We're running Aurora PostgreSQL 15.12, which includes the fix mentioned in the r...

We're running Aurora PostgreSQL 15.12, which includes the fix mentioned in the release notes. Looking at this comment and the AWS documentation, I think there's an important distinction to make about what was actually fixed in Aurora PostgreSQL 15.12.4. Based on our experience and analysis, we believe AWS's fix primarily focused on data protection rather than eliminating the race condition itself.

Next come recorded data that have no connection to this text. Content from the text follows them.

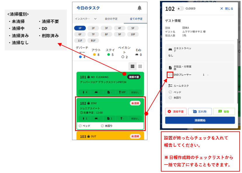 今日のタスク画面、もしくは清掃予定画面から詳細画面を開き、手配品・付帯業務の項目にチェックを入れることで、設置報告ができます。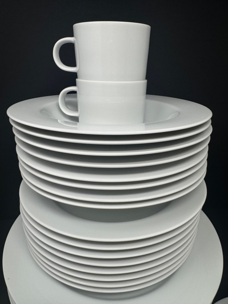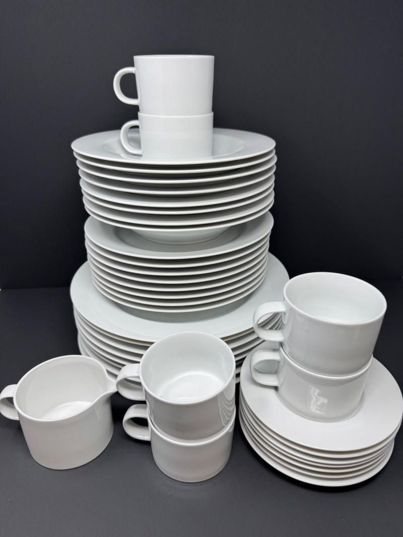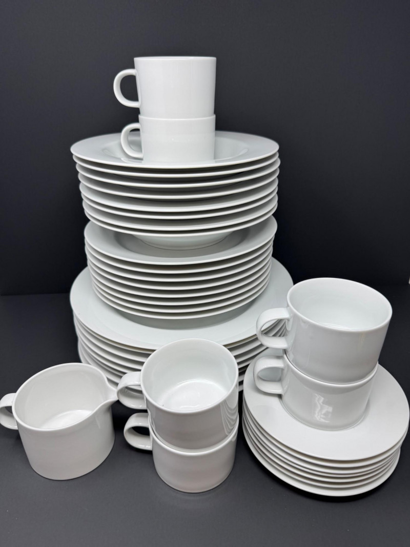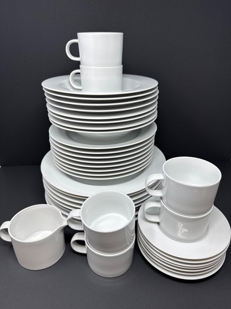 Lot # 57 - Crate & Barrel White Dinnerware Set for 8 (6 Cups, 7 Saucers) - Japan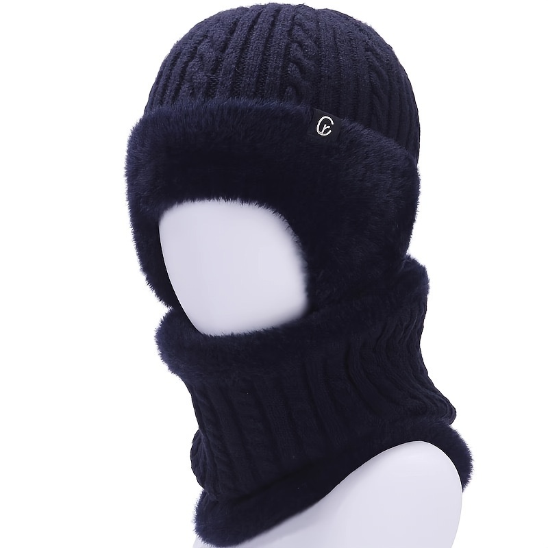 Knitted Cashmere Neck Warm Balaclava Ski Windproof Hat, Winter Fur Cap Mask Set Hooded For Women, Thick Plush Fluffy pink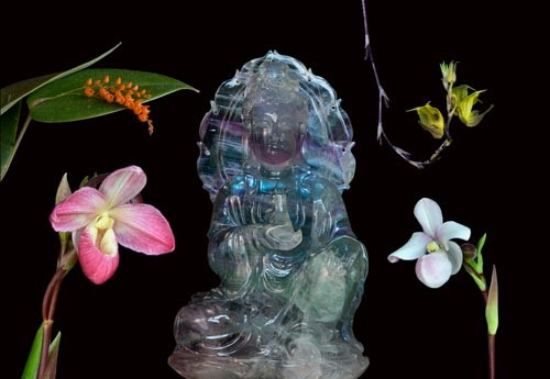 Mit Schwingungsinformationen von Scaphosepalum bicristatum, Pleurothalus truncata, Phragmipedium schlimii, Phragmipedium Desormes, Regenbogen-Fluorite Edelstein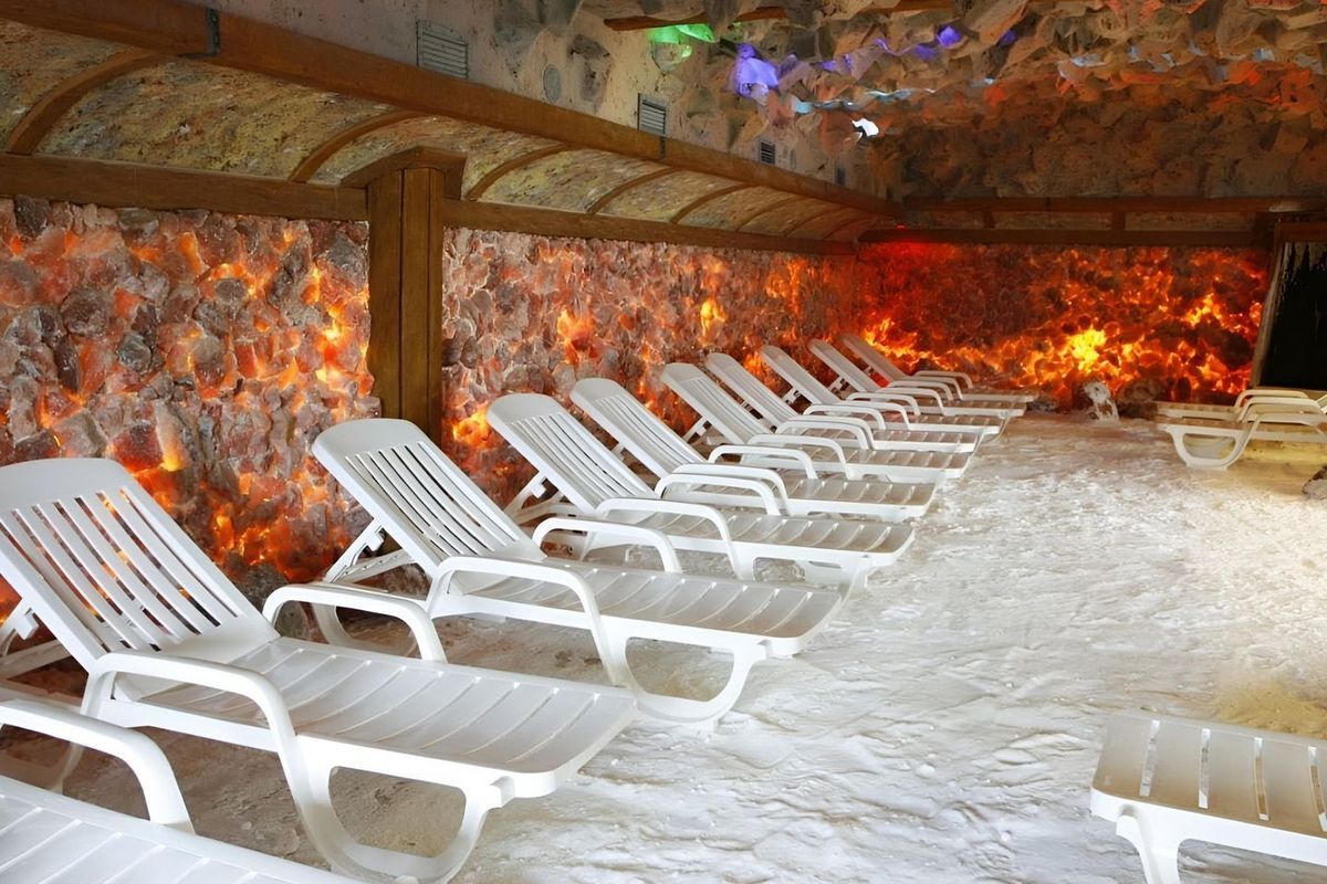 - Salzgrotte, Raum mit Gradierwerken aus Sole, Lichttherapie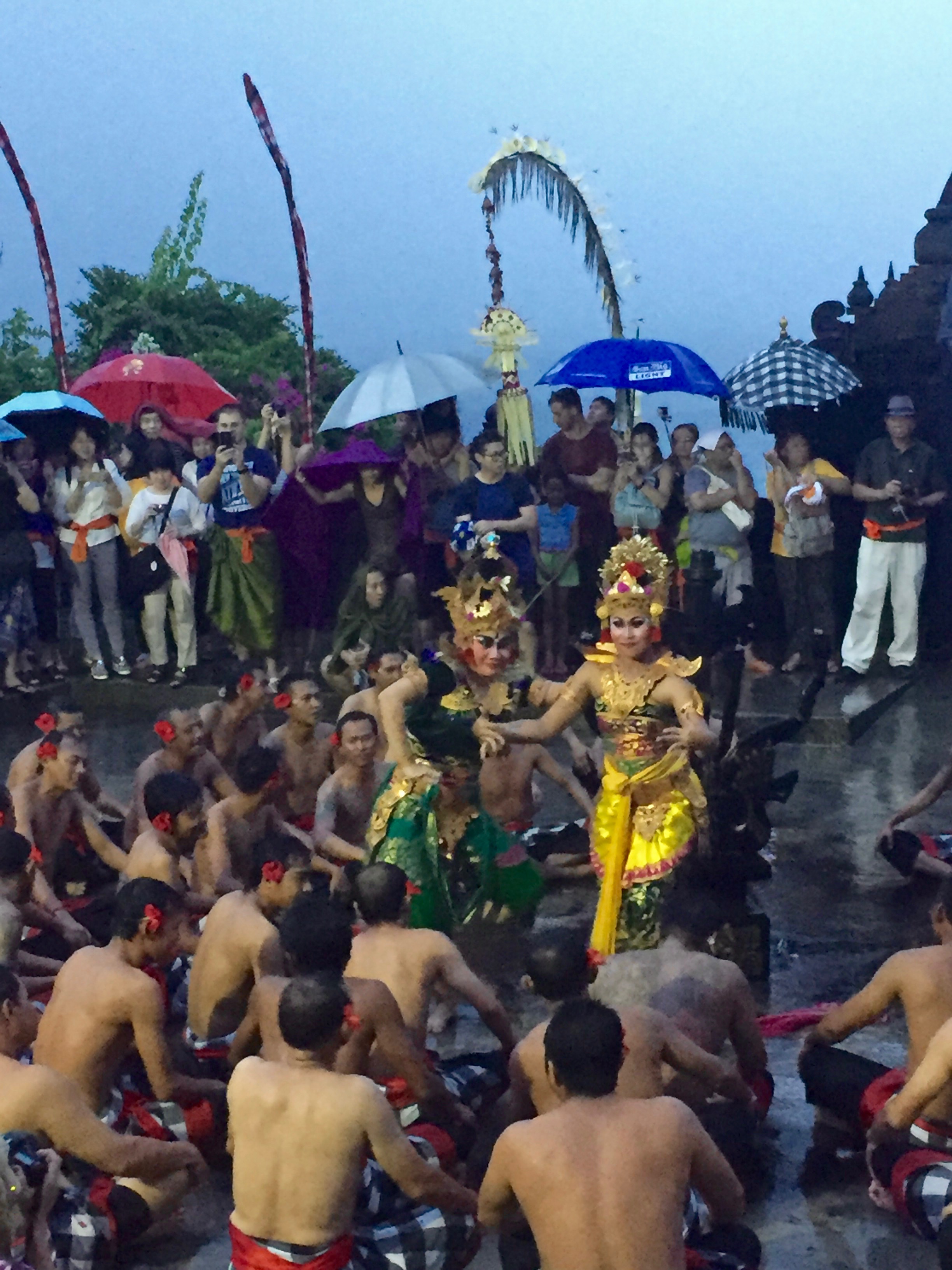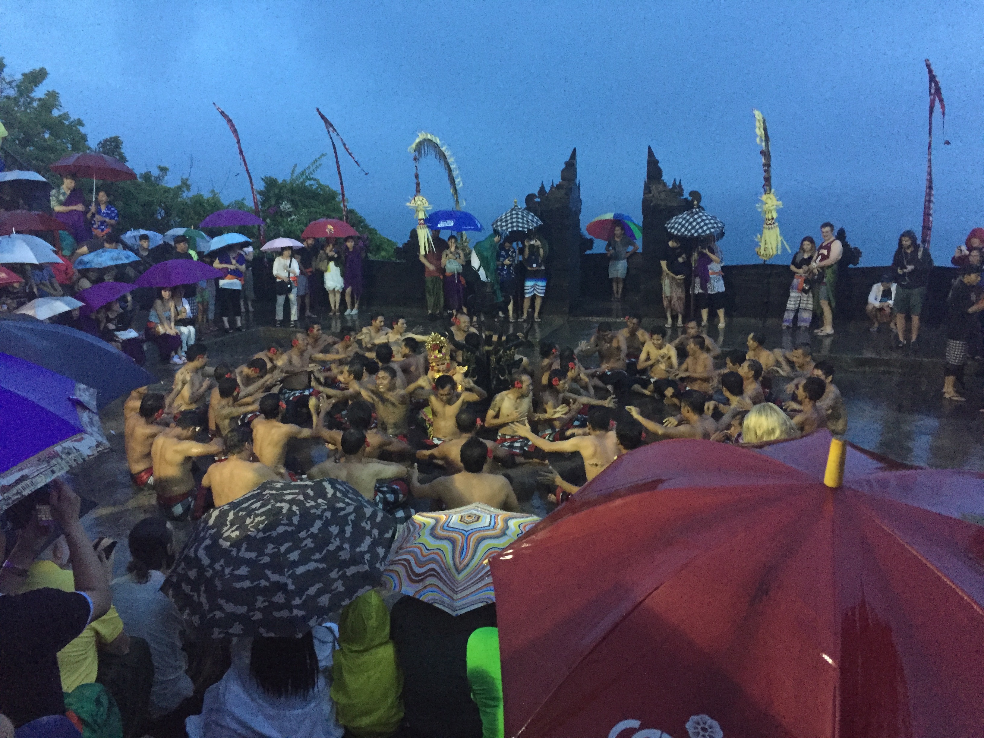 Pendant le long de la visite, le ciel s’est assombri sur Uluwatu, apportant un aspect dramatique aux lieux mais les trombes de pluie qui se tenaient au large se rapprochent dangereusement… néanmoins, le spectacle commence.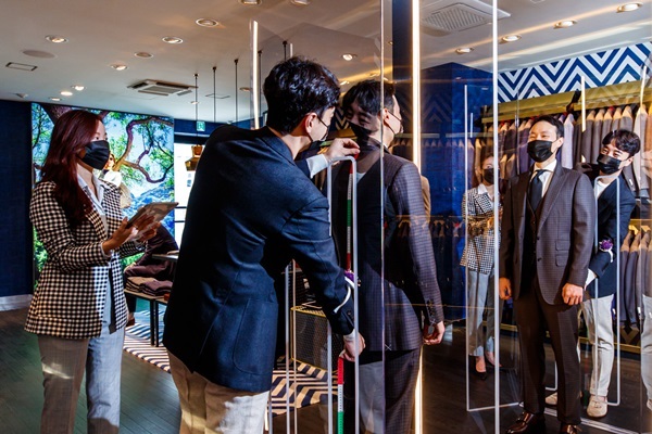 체형별 맞춤과 수선 서비스를 비대면으로 진행하기 위해 투명 플렉시 글라스 소재의 ‘세이프 스크린(Safe Screen)’도 매장에 도입했다.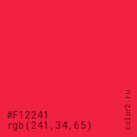 Цвет #F12241 в цветовой модели RGB обозначается тремя октетами (241, 34, 65) в десятичном формате и #F12241 в шестнадцатиричном (hex) формате, которые являются интенсивностью красного 241 (hex F1), интенсивность зелёного 34 (hex 22) и интенсивность синего 65 (hex 41).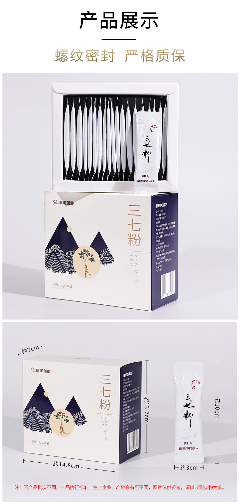 康美药业三七粉(3g*20袋)60g/盒 云南文山优质三七粉/田七粉粉质细腻可搭配丹参粉西洋参粉冲服煲汤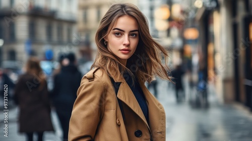 An attractive woman with a confident expression, walking down a bustling city street in a stylish trench coat
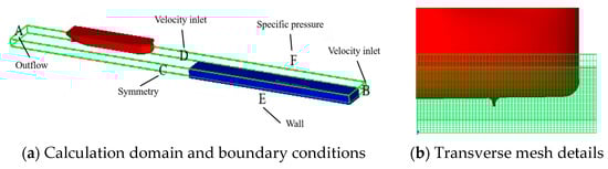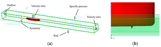 Calculation domain and mesh details around ship hull under open shallow water. (a) Calculation domain and boundary conditions. (b) Transverse mesh details.

Here's what we think is happening: Before the fix (pre-15.12.4):

1. Failover starts

2. Both instances accept and process writes simultaneously

3. Failover eventually completes after the writer steps down

4. Result: Potential data consistency issues ???

After the fix (15.12.4+):

1. Failover starts

2. If the old writer doesn't demote before the new writer is promoted, the storage layer now detects this and rejects write requests

3. Both instances restart/crash

4. Failover fails or requires manual intervention

The underlying race condition between writer demotion and reader promotion still exists - AWS just added a safety mechanism at the storage layer to prevent the dangerous scenario of two writers operating simultaneously. They essentially converted a data inconsistency risk into an availability issue. This would explain why we're still seeing failover failures on 15.12 - the race condition wasn't eliminated, just made safer.

The comment in the release notes about "fixed a race condition where an old writer instance may not step down" is somewhat misleading - it's more accurate to say they "mitigated the consequences of the race condition" by having the storage layer reject writes when it detects the problematic state and that is probably why AWS Support did not point us to this release when we raised the issue.